[What the task requires]
Restate word for word the section of the entries that opens at the line containing "Natural finish iroko" and closes at the line containing "阿森纳的科斯切尔尼(下)在庆", both lines kept, pictures dropped.

[The input]
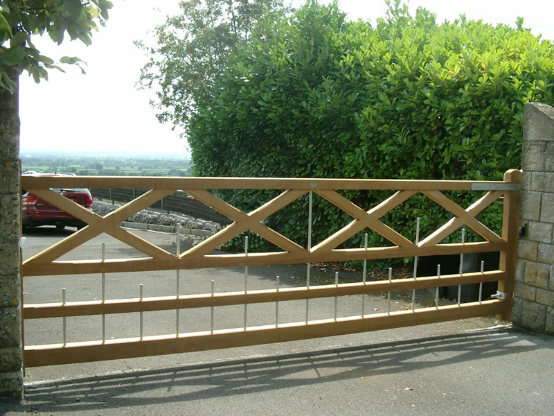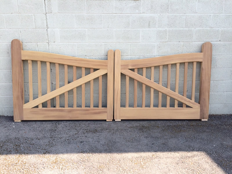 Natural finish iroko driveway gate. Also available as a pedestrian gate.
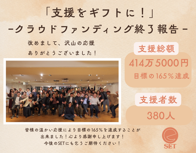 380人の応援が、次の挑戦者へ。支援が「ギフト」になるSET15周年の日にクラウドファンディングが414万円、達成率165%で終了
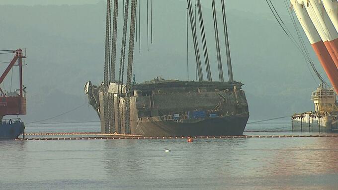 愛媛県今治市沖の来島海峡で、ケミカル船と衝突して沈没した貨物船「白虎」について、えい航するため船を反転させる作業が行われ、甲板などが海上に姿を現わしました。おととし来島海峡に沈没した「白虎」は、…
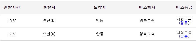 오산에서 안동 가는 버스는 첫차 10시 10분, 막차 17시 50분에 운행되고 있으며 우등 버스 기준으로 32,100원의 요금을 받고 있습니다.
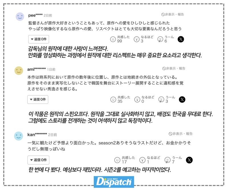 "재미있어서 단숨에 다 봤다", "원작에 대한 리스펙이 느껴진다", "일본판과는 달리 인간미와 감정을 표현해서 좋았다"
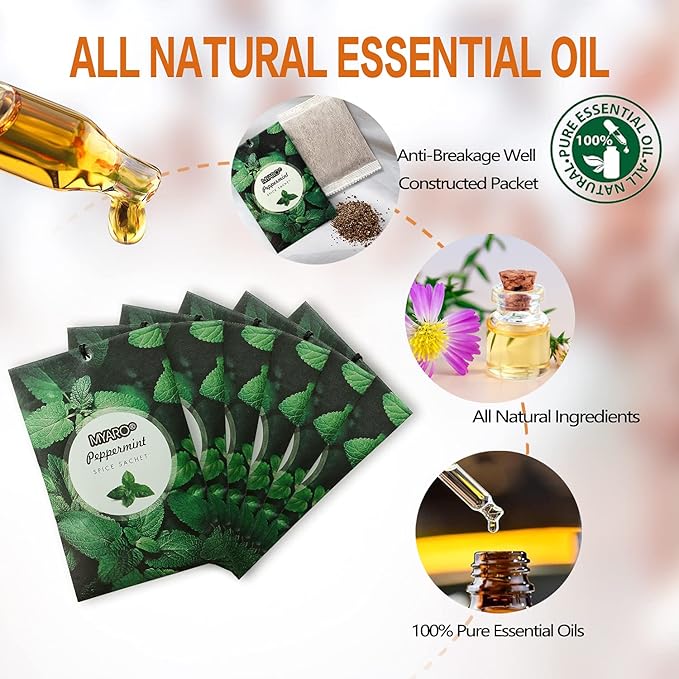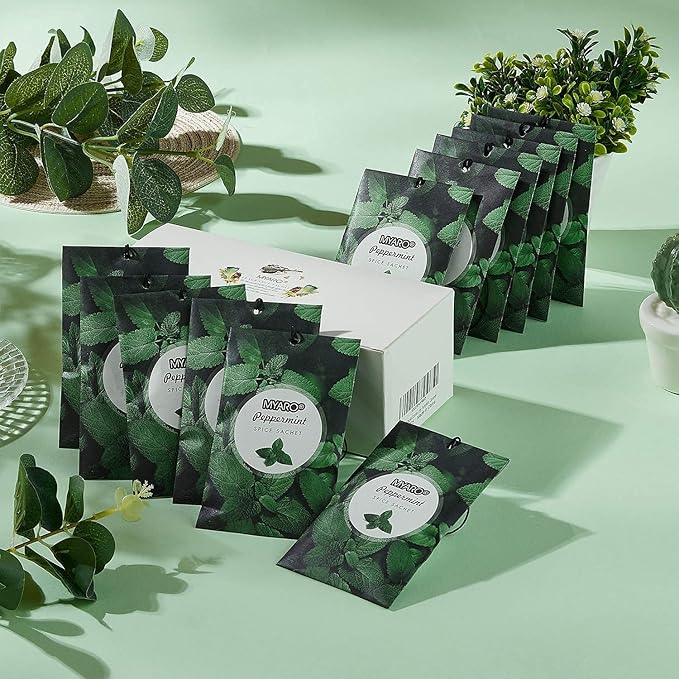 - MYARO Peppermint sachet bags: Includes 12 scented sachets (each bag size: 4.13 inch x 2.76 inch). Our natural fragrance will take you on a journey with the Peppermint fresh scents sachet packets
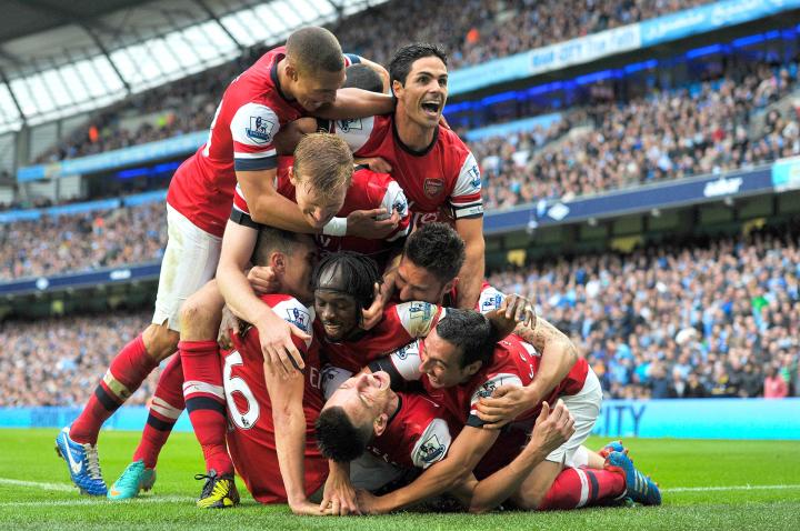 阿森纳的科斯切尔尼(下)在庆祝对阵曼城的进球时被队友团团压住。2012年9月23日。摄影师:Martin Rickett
---
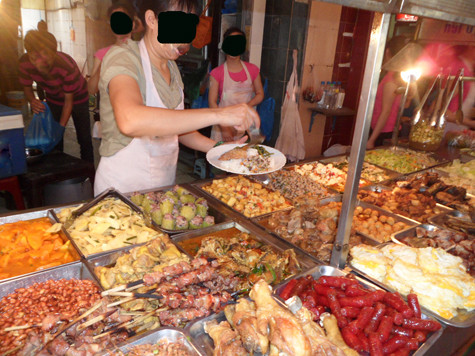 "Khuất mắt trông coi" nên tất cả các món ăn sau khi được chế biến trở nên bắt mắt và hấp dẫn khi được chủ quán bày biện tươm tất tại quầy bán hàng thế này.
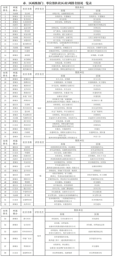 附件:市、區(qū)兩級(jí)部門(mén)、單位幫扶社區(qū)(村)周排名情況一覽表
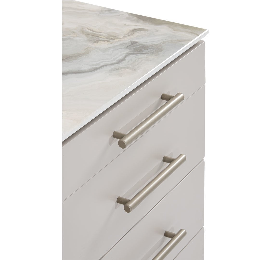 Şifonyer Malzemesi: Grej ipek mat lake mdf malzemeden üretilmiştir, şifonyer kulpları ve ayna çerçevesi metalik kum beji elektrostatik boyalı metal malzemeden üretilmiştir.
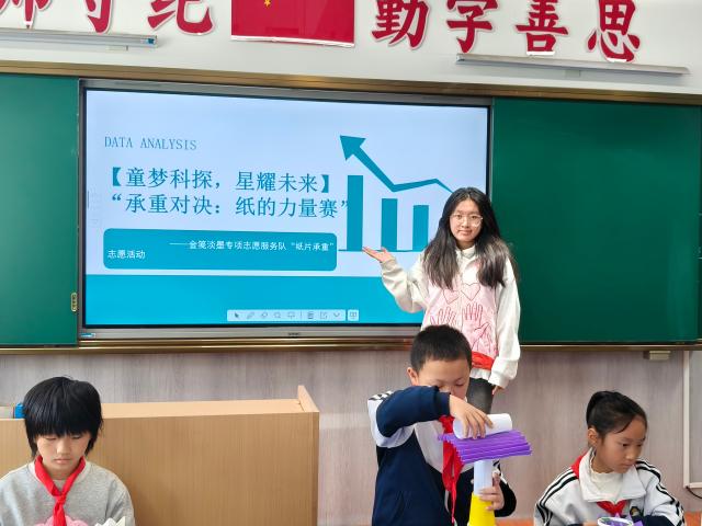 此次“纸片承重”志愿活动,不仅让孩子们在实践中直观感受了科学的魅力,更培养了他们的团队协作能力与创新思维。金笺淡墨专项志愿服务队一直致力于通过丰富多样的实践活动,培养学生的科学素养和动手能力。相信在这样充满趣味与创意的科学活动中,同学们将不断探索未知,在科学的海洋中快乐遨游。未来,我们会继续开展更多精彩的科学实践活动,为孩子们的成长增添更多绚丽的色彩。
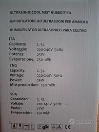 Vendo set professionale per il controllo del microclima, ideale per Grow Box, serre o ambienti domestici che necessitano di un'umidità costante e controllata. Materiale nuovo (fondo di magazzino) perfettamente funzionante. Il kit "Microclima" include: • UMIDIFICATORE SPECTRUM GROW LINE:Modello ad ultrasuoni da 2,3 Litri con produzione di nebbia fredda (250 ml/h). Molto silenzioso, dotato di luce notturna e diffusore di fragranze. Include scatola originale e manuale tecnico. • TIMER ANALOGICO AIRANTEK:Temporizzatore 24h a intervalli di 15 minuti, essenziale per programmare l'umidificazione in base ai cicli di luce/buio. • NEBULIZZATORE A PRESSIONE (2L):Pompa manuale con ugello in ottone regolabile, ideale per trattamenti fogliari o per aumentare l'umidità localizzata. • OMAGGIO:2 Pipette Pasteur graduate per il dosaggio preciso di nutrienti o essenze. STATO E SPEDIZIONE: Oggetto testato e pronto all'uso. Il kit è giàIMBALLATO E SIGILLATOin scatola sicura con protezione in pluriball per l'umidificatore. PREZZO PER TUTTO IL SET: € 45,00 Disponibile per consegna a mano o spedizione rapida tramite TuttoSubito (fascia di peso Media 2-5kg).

[Solution]
 Natural finish iroko driveway gate. Also available as a pedestrian gate.
 380人の応援が、次の挑戦者へ。支援が「ギフト」になるSET15周年の日にクラウドファンディングが414万円、達成率165%で終了
 愛媛県今治市沖の来島海峡で、ケミカル船と衝突して沈没した貨物船「白虎」について、えい航するため船を反転させる作業が行われ、甲板などが海上に姿を現わしました。おととし来島海峡に沈没した「白虎」は、…
 오산에서 안동 가는 버스는 첫차 10시 10분, 막차 17시 50분에 운행되고 있으며 우등 버스 기준으로 32,100원의 요금을 받고 있습니다.
 "재미있어서 단숨에 다 봤다", "원작에 대한 리스펙이 느껴진다", "일본판과는 달리 인간미와 감정을 표현해서 좋았다"
 - MYARO Peppermint sachet bags: Includes 12 scented sachets (each bag size: 4.13 inch x 2.76 inch). Our natural fragrance will take you on a journey with the Peppermint fresh scents sachet packets
 阿森纳的科斯切尔尼(下)在庆祝对阵曼城的进球时被队友团团压住。2012年9月23日。摄影师:Martin Rickett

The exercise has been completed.